Key Concepts

This section gives an introduction to CloudTik’s key concepts.

Workspace

CloudTik uses Workspace concept to manage shared Cloud specific resources which needed for running a production level platform. These resources include

  • VPC and subnets

  • firewall or security groups

  • gateways

  • identities and roles

These resources are usually created once and shared among different clusters. CloudTik provides the commands to help user create or delete a workspace on a specific Cloud, which will provision and configured the right resources to be ready to use.

User can create one or more workspaces on a Cloud provider as long as the resources limits are not reached. Within each workspace User can start one or more clusters with necessary runtime components provisioned and configured in use.

Cluster

Cluster is a scalable collection of nodes with necessary runtime services running and provides analytics and AI services to the user. A Cluster is a self-managed organism which is not only include the hardware infrastructure but also the services that running over it and works together to form a self-recoverable and servicing organism.

A CloudTik cluster consists of one head node and zero or more worker nodes. The head node is the brain of the cluster and runs services for creating, setting up and starting new worker nodes, recovering an unhealthy worker node and so on. Cloudtik provides powerful and easy to use facilities for users to quickly create and manage analytics and AI clusters.
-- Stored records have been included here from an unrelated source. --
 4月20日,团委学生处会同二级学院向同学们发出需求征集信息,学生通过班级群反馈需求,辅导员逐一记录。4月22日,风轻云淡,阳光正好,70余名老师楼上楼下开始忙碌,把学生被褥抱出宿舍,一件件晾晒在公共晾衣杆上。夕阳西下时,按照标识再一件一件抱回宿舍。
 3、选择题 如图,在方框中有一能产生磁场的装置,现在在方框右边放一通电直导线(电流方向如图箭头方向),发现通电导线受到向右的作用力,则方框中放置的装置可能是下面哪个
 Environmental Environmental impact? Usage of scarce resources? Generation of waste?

A cluster belongs to a Workspace and shares the common workspace resources including VPC, subnets, gateways and so on. All clusters within the same workspace are network connected and are accessible by each other.

Provider

In the high level, provider refers a public cloud provider which provide the infrastructure as a service for CloudTik to run on. We currently support 3 public cloud providers and 1 special provider for on-premise clusters. More provider implementations will be added soon.

  • AWS

  • Azure

  • GCP

  • On-premise

In the design level, provider is a concept to abstract out the difference of public providers. With this abstraction, CloudTik is designed to share the same user experiences among different cloud providers as much as possible. Internally, we have two aspects of abstraction for a specific provider:

  • Node Provider: Abstraction of how a cloud provider to provide services of creating or terminating instances and instances managing functionalities.
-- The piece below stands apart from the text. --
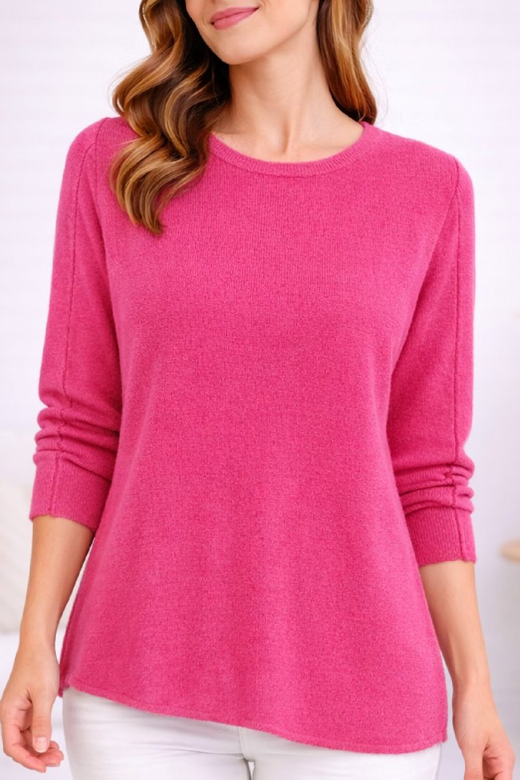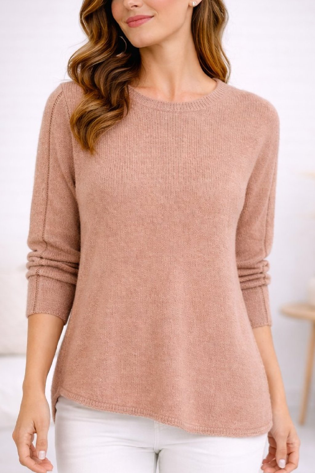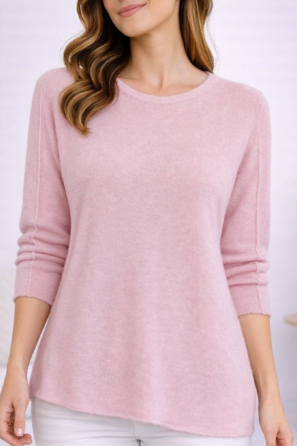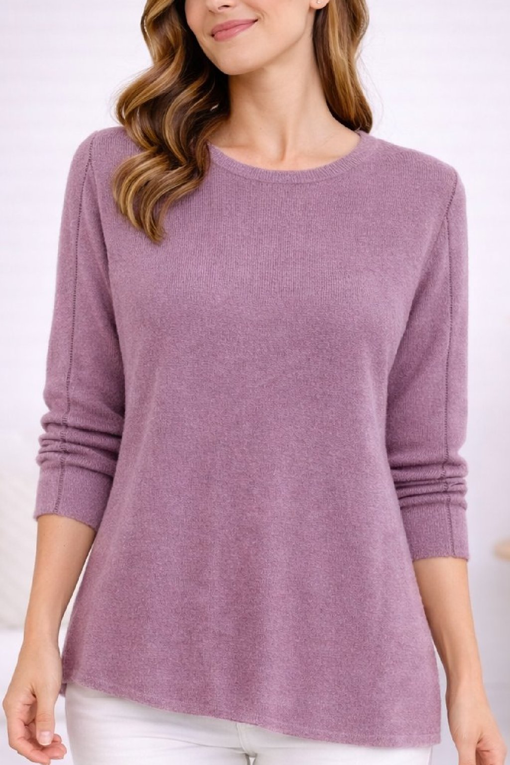 Svetr z hebkého - nekousavého materiálu. Rukávy dlouhé, zdobené po celé délce obráceným výrazným švem. Spodní lem je řešený dokulata - nezapošitý. Kulatý výstřih. Velmi pružný materiál. Rukávy, spodní lem i výstřih u krku je ukončený jen zastřižením - bez zapošití či švu.

  • Workspace Provider: Abstraction of how a cloud provider to implement the CloudTik workspace design on network and securities.

Runtime

Cloudtik introduces Runtime concept to abstract a distributed service or a collection of related services running on head and worker nodes. Different runtimes share some high level but common patterns like installing, configuring, starting, stopping and so on. CloudTik provides infrastructure for orchestration of these aspects and allow a runtime to handle its very specific implementation. In this way, a runtime can easy be implemented and orchestrated into CloudTik and works together with other runtimes by providing services to other runtimes or consuming other runtime services.

Currently, we implemented the following runtimes:

  • Ganglia: To provide monitoring services for all nodes.

  • Metastore: To provide catalog services for SQL.

  • Spark: To provide analytics capabilities.

  • Presto: To provide interactive analytics capabilities.

  • ZooKeeper: To provide coordinating and distributed consistency services.

  • Kafka: To provide event streaming services.